Solving multiple-instance and multiple-part learning problems with decision trees and decision rules. Application to the mutagenesis problem
- Authors
- Publication Date
- May 31, 2000
- Source
- HAL-Descartes
- Keywords
- Language
- English
- License
- Unknown
- External links
Abstract
In recent work, Dietterich et al. (1997) have presented the problem of supervised multiple-instance learning and how to solve it by building axis-parallel rectangles.
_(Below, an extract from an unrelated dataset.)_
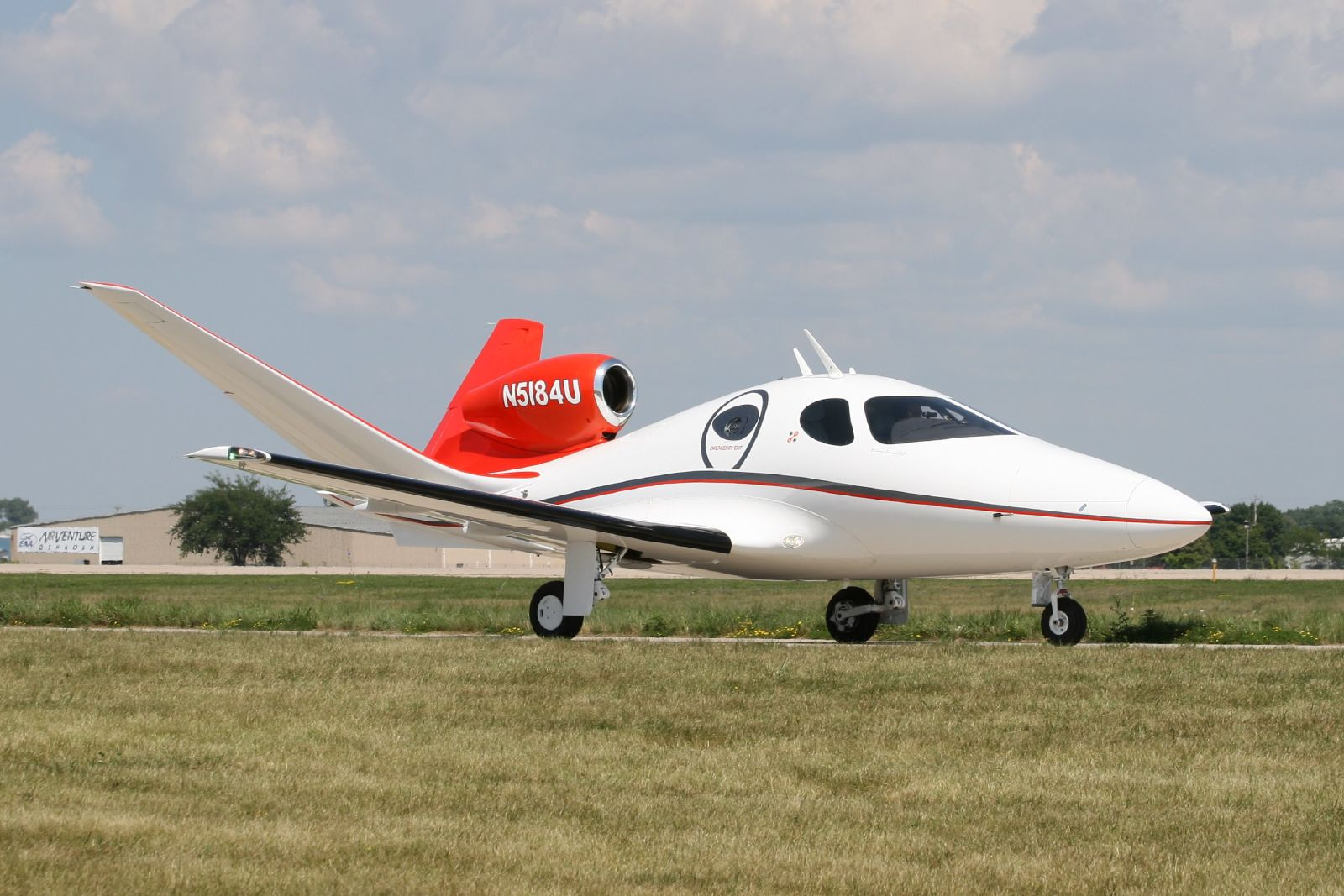 The Eclipse Concept Jet (ECJ), a single-engine four-place aircraft created by Eclipse Aviation for evaluating the emerging single-engine jet marketplace. . (AirVenture 2007)

This problem is encountered in contexts where an object may have different possible alternative configurations, each of which is described by a vector. This paper introduces the multiple-part problem, which is more general than the multiple-instance problem, and shows how it can be solved using the multiple-instance algorithms. These two so-called "multiple" problems could play a key role both in the development of efficient algorithms for learning the relations between the activity of a structured object and its structural properties and in inductive logic programming. This paper analyzes and tries to clarify multiple-problem solving. It goes on to propose multiple-instance extensions of classical learning algorithms to solve multiple-problems by learning multiple-decision trees (ID3-M, C4.5-M) and multiple-decision rules (AQ-M, CN2-M,Ripper-M). In particular, it suggests a new multiple-instance entropy function and a multiple-instance coverage function. Finally, it successfully applies the multiple-part framework on the well-known mutagenesis prediction problem.